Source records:
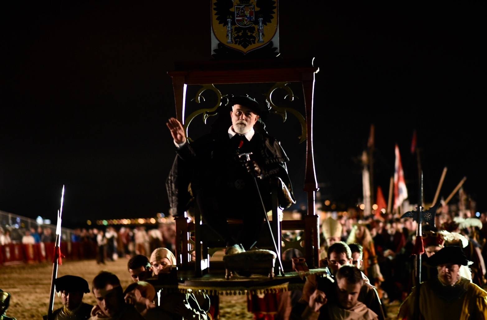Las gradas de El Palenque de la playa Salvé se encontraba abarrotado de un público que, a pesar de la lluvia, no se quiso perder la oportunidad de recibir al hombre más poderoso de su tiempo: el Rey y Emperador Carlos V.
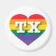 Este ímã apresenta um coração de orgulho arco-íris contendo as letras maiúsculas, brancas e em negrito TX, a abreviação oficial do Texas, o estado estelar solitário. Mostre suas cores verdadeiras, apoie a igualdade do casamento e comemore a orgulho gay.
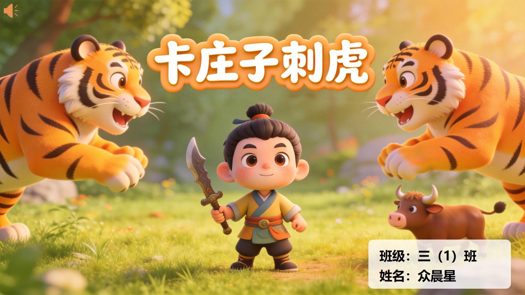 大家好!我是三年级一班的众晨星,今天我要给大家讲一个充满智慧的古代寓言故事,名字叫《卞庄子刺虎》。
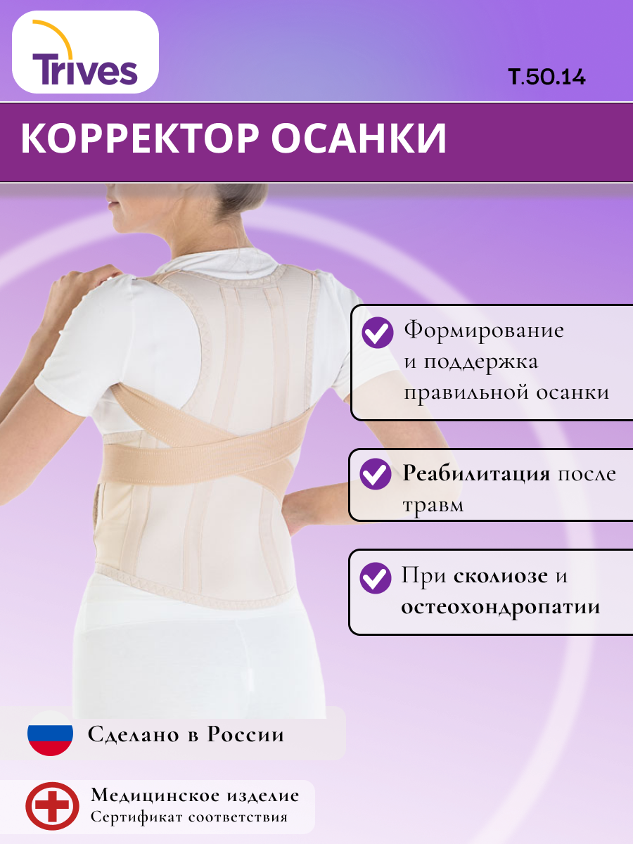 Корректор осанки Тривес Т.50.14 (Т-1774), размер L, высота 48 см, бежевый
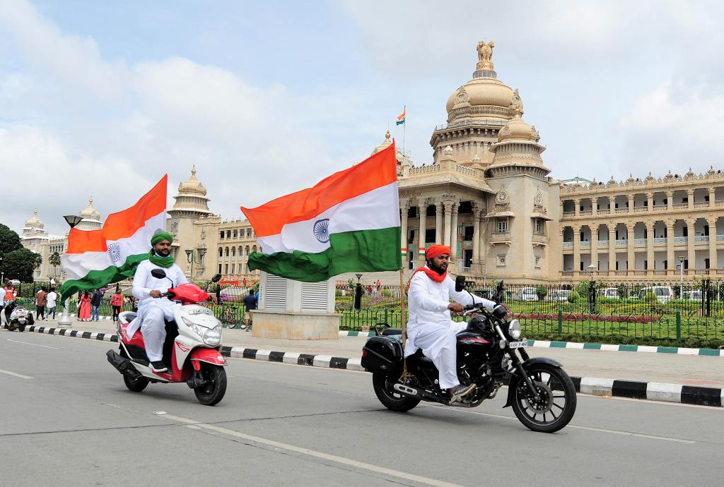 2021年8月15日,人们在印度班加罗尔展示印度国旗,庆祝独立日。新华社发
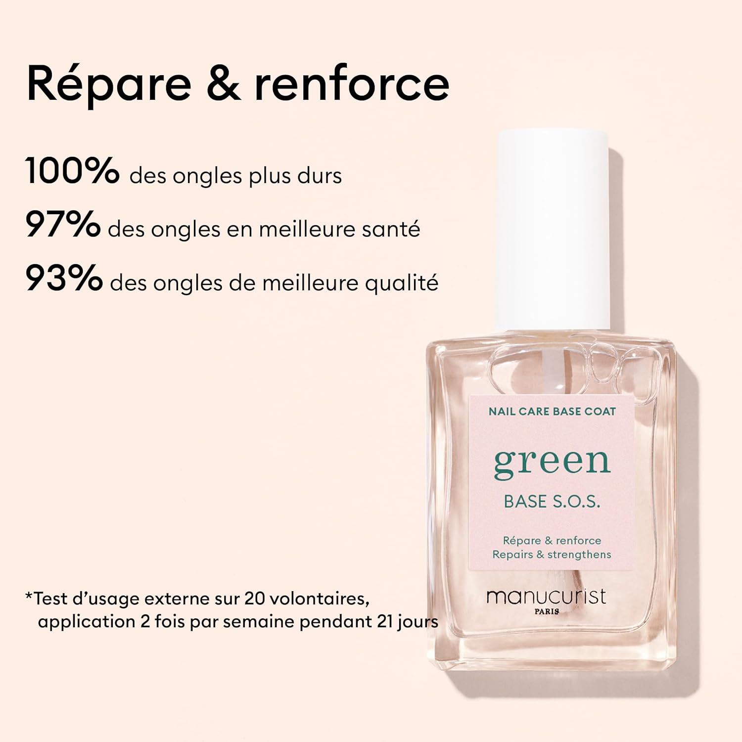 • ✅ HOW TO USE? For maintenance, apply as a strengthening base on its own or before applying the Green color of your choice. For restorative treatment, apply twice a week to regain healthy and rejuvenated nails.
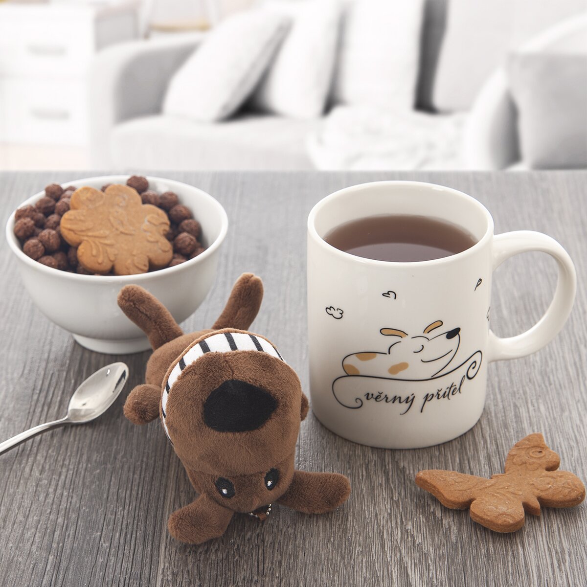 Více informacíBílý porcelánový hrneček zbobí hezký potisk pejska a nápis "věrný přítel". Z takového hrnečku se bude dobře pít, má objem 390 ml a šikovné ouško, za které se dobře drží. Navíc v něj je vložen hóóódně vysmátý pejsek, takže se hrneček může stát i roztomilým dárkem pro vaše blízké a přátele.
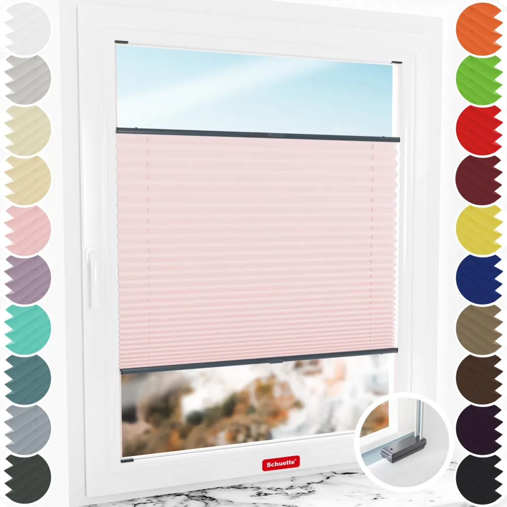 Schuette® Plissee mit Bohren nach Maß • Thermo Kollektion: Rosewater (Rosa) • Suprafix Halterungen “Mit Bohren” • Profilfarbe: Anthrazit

-- EXERCISE DIRECTIONS --
Transcribe the entries above verbatim, excluding any image.

-- RESULT BELOW --
Las gradas de El Palenque de la playa Salvé se encontraba abarrotado de un público que, a pesar de la lluvia, no se quiso perder la oportunidad de recibir al hombre más poderoso de su tiempo: el Rey y Emperador Carlos V.
 Este ímã apresenta um coração de orgulho arco-íris contendo as letras maiúsculas, brancas e em negrito TX, a abreviação oficial do Texas, o estado estelar solitário. Mostre suas cores verdadeiras, apoie a igualdade do casamento e comemore a orgulho gay.
 大家好!我是三年级一班的众晨星,今天我要给大家讲一个充满智慧的古代寓言故事,名字叫《卞庄子刺虎》。
 Корректор осанки Тривес Т.50.14 (Т-1774), размер L, высота 48 см, бежевый
 2021年8月15日,人们在印度班加罗尔展示印度国旗,庆祝独立日。新华社发
 • ✅ HOW TO USE? For maintenance, apply as a strengthening base on its own or before applying the Green color of your choice. For restorative treatment, apply twice a week to regain healthy and rejuvenated nails.
 Více informacíBílý porcelánový hrneček zbobí hezký potisk pejska a nápis "věrný přítel". Z takového hrnečku se bude dobře pít, má objem 390 ml a šikovné ouško, za které se dobře drží. Navíc v něj je vložen hóóódně vysmátý pejsek, takže se hrneček může stát i roztomilým dárkem pro vaše blízké a přátele.
 Schuette® Plissee mit Bohren nach Maß • Thermo Kollektion: Rosewater (Rosa) • Suprafix Halterungen “Mit Bohren” • Profilfarbe: Anthrazit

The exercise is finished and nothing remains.